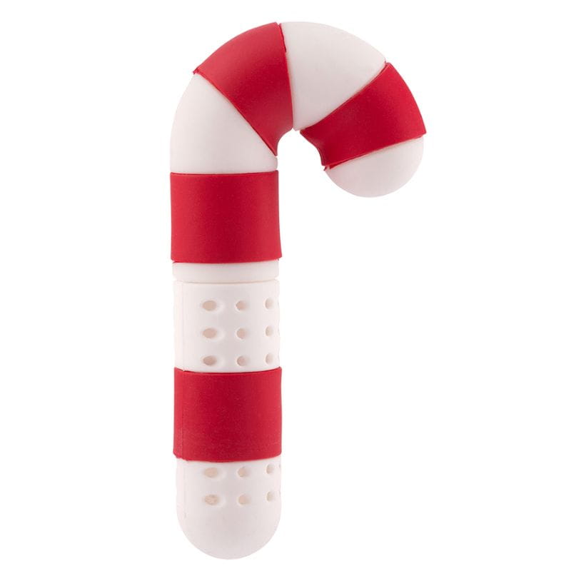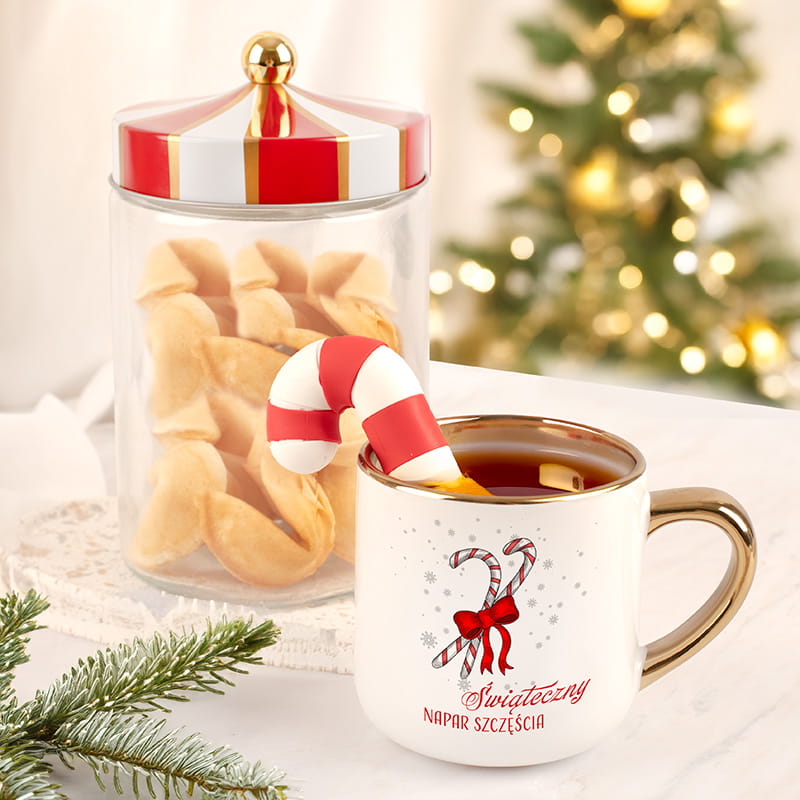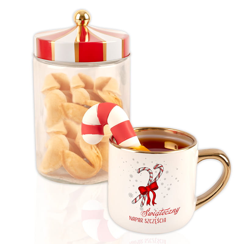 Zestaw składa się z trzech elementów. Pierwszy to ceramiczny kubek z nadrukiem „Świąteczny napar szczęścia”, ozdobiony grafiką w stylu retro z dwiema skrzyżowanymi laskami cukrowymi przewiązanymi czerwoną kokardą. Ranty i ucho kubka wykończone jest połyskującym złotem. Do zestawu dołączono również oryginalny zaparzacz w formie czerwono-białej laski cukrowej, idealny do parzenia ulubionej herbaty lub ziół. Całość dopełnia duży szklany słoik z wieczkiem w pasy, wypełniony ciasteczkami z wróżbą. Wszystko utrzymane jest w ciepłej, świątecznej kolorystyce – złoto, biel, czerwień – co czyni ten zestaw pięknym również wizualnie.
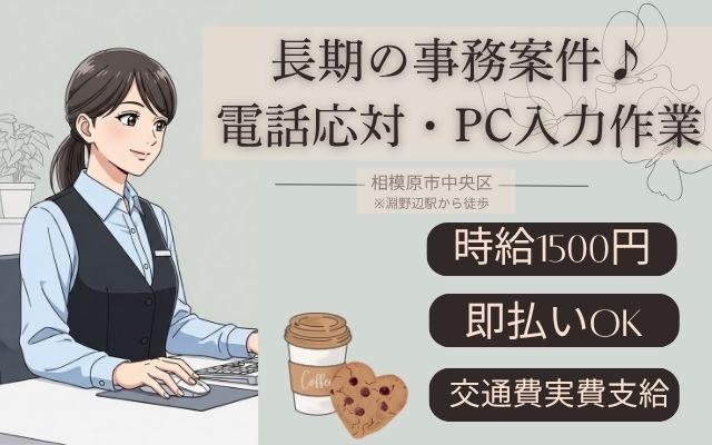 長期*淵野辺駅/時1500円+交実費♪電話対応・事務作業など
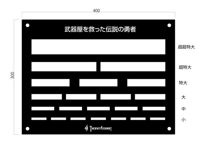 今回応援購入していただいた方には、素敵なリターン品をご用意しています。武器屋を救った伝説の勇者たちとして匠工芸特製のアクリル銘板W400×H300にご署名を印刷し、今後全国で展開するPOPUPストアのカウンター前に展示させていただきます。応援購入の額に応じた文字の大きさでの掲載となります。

--

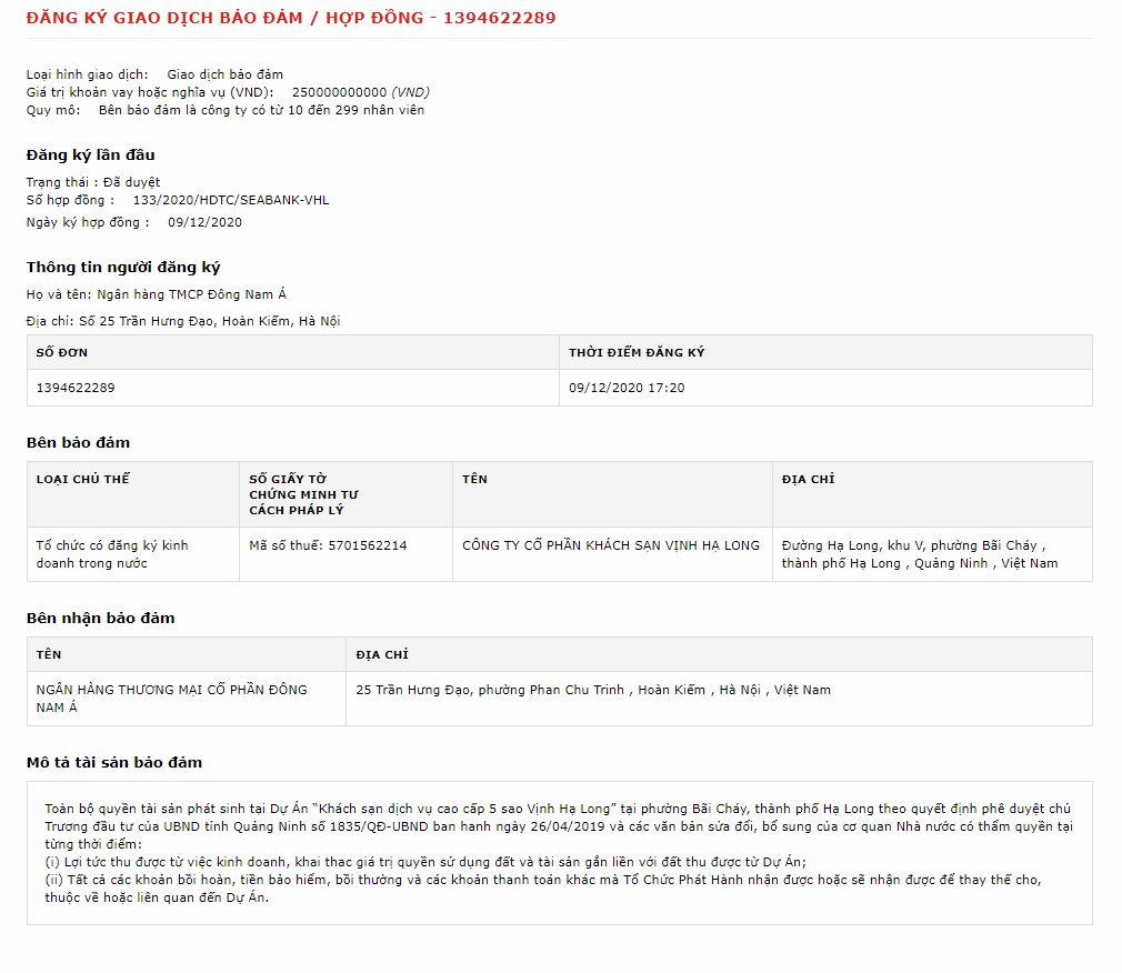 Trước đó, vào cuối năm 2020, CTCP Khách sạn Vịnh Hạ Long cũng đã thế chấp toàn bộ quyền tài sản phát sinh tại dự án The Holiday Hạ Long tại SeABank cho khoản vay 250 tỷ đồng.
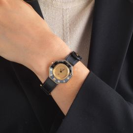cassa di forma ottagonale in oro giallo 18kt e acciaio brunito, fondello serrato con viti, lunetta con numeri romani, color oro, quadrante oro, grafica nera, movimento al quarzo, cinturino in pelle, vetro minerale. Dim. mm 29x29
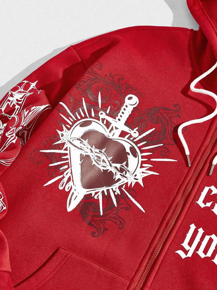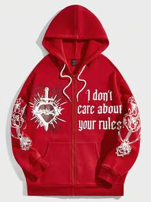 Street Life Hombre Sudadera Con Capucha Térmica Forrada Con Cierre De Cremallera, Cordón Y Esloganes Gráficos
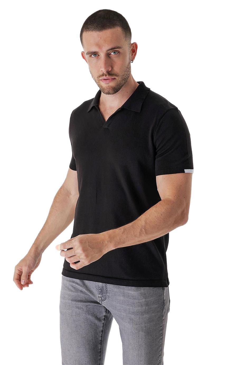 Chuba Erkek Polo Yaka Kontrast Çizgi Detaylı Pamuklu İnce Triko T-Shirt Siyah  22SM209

TASK INSTRUCTIONS: Taking the entries above, extract every line from the one bearing "Trước đó, vào" through the one bearing "Chuba Erkek Polo", exactly, with no pictures.

TASK RESPONSE:
 Trước đó, vào cuối năm 2020, CTCP Khách sạn Vịnh Hạ Long cũng đã thế chấp toàn bộ quyền tài sản phát sinh tại dự án The Holiday Hạ Long tại SeABank cho khoản vay 250 tỷ đồng.
cassa di forma ottagonale in oro giallo 18kt e acciaio brunito, fondello serrato con viti, lunetta con numeri romani, color oro, quadrante oro, grafica nera, movimento al quarzo, cinturino in pelle, vetro minerale. Dim. mm 29x29
 Street Life Hombre Sudadera Con Capucha Térmica Forrada Con Cierre De Cremallera, Cordón Y Esloganes Gráficos
 Chuba Erkek Polo Yaka Kontrast Çizgi Detaylı Pamuklu İnce Triko T-Shirt Siyah  22SM209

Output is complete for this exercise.